Patients aged 15–64 years and infected with type A virus were slightly less frequently presenting with pharyngitis and otitis/earache than those infected with influenza B. Influenza A(H3N2) patients aged 15–64 years had a lower frequency of cough than influenza B patients of the same age (Table 3). Patients with A(H1N1)pdm09 virus infection aged 15–64 years were overall less symptomatic than patients with influenza B of the same age group, as they presented less frequently with cephalalgia, bronchitis/bronchiolitis, rhinitis, pharyngitis, otitis/earache and conjunctivitis.
Table 3. Clinical presentation of influenza patients according to age group and influenza virus type and subtype in the age groups 15–64 years and 65 years or older.
15–64 years | 65+ years | |||||||
---|---|---|---|---|---|---|---|---|
B (a) | A (a) | A(H3N2) | A(H1N1)pdm09 | B (a) | A (a) | A(H3N2) | A(H1N1)pdm09 | |
n = 1213 | n = 4787 | n = 2149 | n = 1594 | n = 73 | n = 195 | n = 129 | n = 27 | |
Gender ratio (M/F) | 0.9 | 1 | 0.9 | 1 | 0.7 | 0.8 | 0.8 | 1.1 |
% of patients with 7 symptoms or more | 68.4% | 68.9% | 71.5% | 64.9% * | 56.2% | 53.9% | 55.0% | 55.6% |
Symptoms (%) (b) | ||||||||
Fever | 96.6% | 96.3% | 96.5% | 96.2% | 97.3% | 95.8% | 95.3% | 92.6% |
Asthenia | 90.0% | 88.4% | 88.0% | 88.9% | 83.6% | 80.4% | 78.3% | 85.2% |
Myalgia | 89.3% | 89.1% | 90.0% | 87.0% | 84.9% | 77.3% | 75.2% | 85.2% |
Shivering | 82.4% | 83.7% | 84.7% | 80.8% | 77.5% | 69.4% | 69.5% | 70.4% |
Cephalalgia | 81.5% | 81.8% | 83.1% | 78.1% * | 73.6% | 65.5% | 66.7% | 55.6% |
Cough | 90.0% | 88.4% | 87.2% * | 93.1% ** | 94.4% | 89.2% | 91.5% | 88.9% |
Expectoration | 23.3% | 24.7% | 24.9% | 23.1% | 30.9% | 31.7% | 30.6% | 42.3% |
Bronchitis/bronchiolitis | 8.9% | 9.4% | 10.5% | 6.8% * | 15.9% | 16.7% | 17.8% | 15.4% |
Rhinitis | 76.4% | 74.4% | 77.7% | 67.6% ** | 69.4% | 76.3% | 73.6% | 74.1% |
Pharyngitis | 67.0% | 61.0% ** | 62.6% * | 55.1% ** | 46.5% | 51.8% | 48.8% | 40.7% |
Otitis/earache | 9.3% | 6.7% ** | 6.4% ** | 6.6% ** | 0.0% | 3.1% | 2.3% | 3.7% |
Gastrointestinal symptoms | 15.8% | 16.4% | 17.1% | 15.2% | 17.1% | 11.3% | 10.1% | 0.0% * |
Conjunctivitis | 11.5% | 10.6% | 11.8% | 7.0% ** | 4.5% | 6.9% | 8.3% | 3.7% |
Adenopathy | 9.0% | 10.3% | 11.5% | 8.0% | 6.9% | 4.0% | 2.1% | 7.4% |
(a) These include all influenza cases, including those that were not subtyped/characterized.
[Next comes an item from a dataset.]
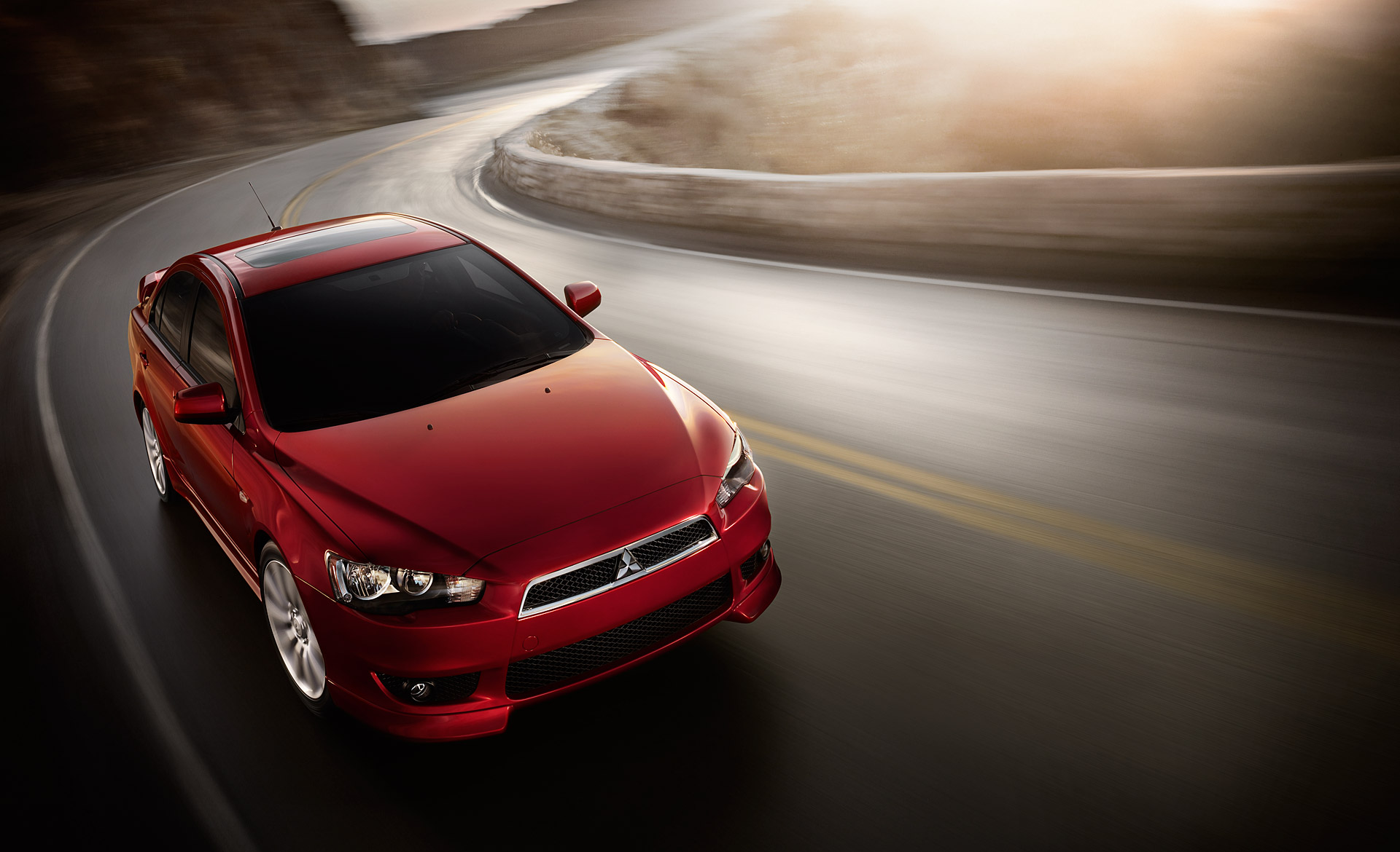 Скачать обои для рабочего стола Красный Mitsubishi на дороге и фото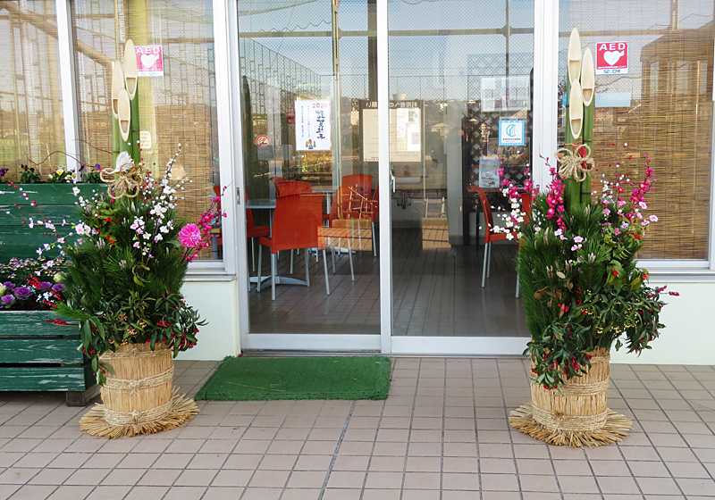 今日の画像は、近くの大きな公園に飾られた松飾です。公園の管理会社も年末年始休暇なので、事務所・休憩室・コミュニティルーム・野球場・テニスコートは全てクローズなので、人は少なく広場で遊ぶ人達しかいません。我が家の玄関ドアの外には妻が正月お飾りを付けました。

(b) sudden onset of symptoms is not presented as included in the ARI case definition; dyspnoea is not presented as only collected since the 2009–2010 season; myalgia and cephalalgia were not considered among children aged 0–4 years as they cannot report their subjective symptoms.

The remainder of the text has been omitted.